We are looking for a very well managed trophy club. Two guys both have wives and families looking for a 130" min trophy club. Location not crucial, however would like to stay around 1.5 hrs to 2 hrs from atl. Both have electric carts and understand the importance of wind, low pressure and hunting trophy bucks. Call or pm ifyou have something we may be interested in. 770-560-7046. Prefer camp with power and water....


----------



## schleyhunter (Feb 12, 2012)

We are very serious trophy hunters. Looking to join a club with the same minded people.


----------



## Buck killers Wife (Feb 12, 2012)

How much are yall looking to spend joining a club like that, ball park!
Does the wife and family hunt with you on this low pressured place? thanks


----------



## schleyhunter (Feb 12, 2012)

Budget is negotiable, depending on area and property... I have a son that is 11 that hunts with me and has since he was 2. Good trophy hunter.
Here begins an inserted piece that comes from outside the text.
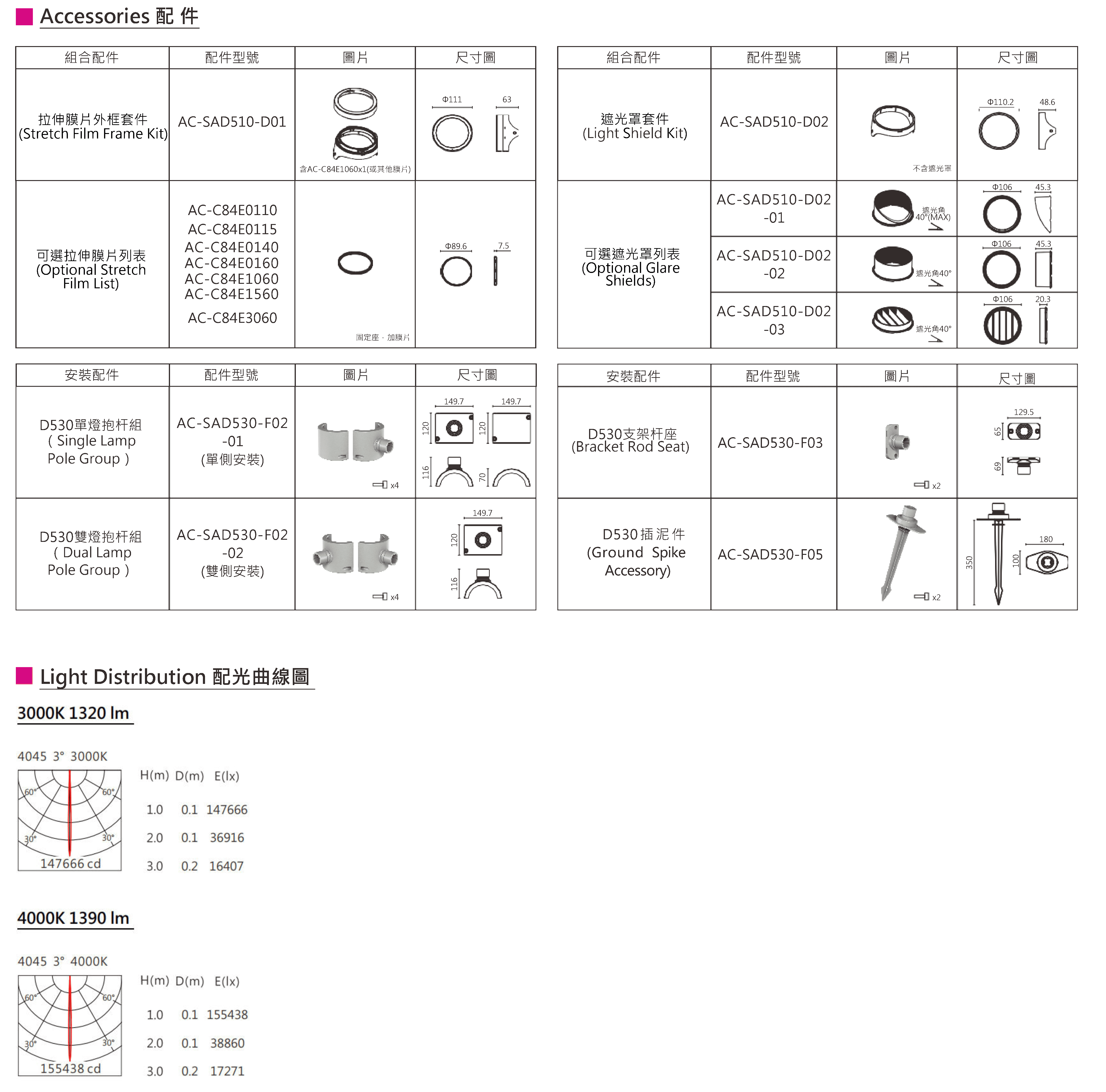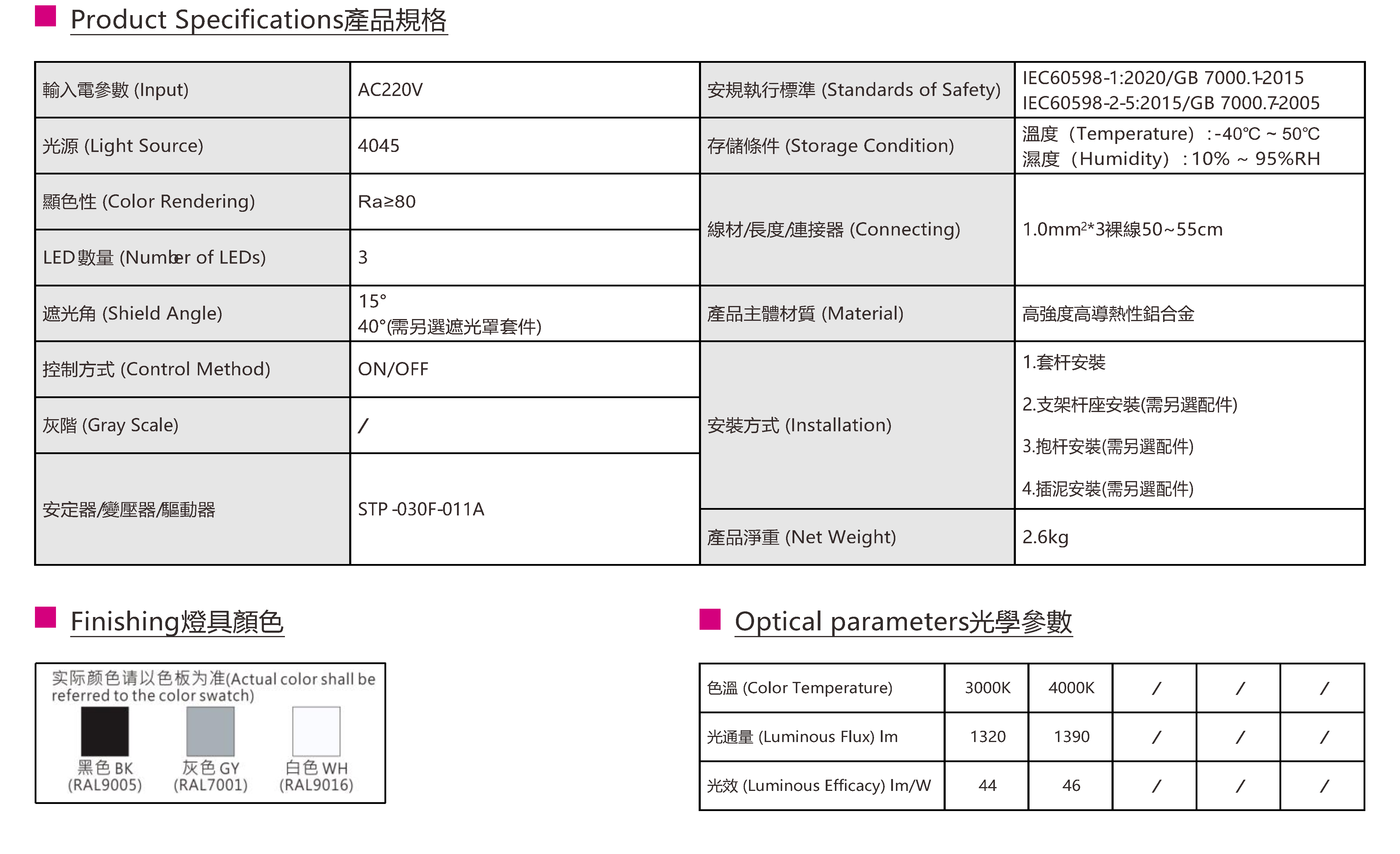 色溫(Color Temperature):3000K、4000K

Other guy has a son, but not much into hunting, about to leave to go to college.


----------



## Buck killers Wife (Feb 12, 2012)

Has your son ever harvested a good one? Thats our goal where we hunt.Do u sit with him or very close.Has he ever killed a deer?


----------



## schleyhunter (Feb 12, 2012)

Yes, my son has kileed 12 to 15 deer. he killed his first one when he was 4, and has killed 2 bucks over 125. yes he hunts with me, I have just this year started letting him hunt within a few hundred yards of me. why do you ask, what kind of land do you have?


----------



## Buck killers Wife (Feb 12, 2012)

We have some land in Quitman co. We just hunt deer by Ga law there.Your son is a good hunter . Hope yall fine a place.


----------



## schleyhunter (Feb 12, 2012)

Thanks


----------



## schleyhunter (Feb 17, 2012)

Guess there isnt a whole lot of these kind of clubs needing members. Please keep me posted if anyone knows of you or has one with memberships available.


----------



## schleyhunter (Feb 26, 2012)

Ok, Just wondering if anyone knows of any good trophy clubs out. Very serious hunters looking.


----------



## Allen Waters (Feb 27, 2012)

I have a club you might be interested in.


----------



## schleyhunter (Feb 29, 2012)

AWBOWHUNTER said:


> I have a club you might be interested in.



Haha, u are funny....


----------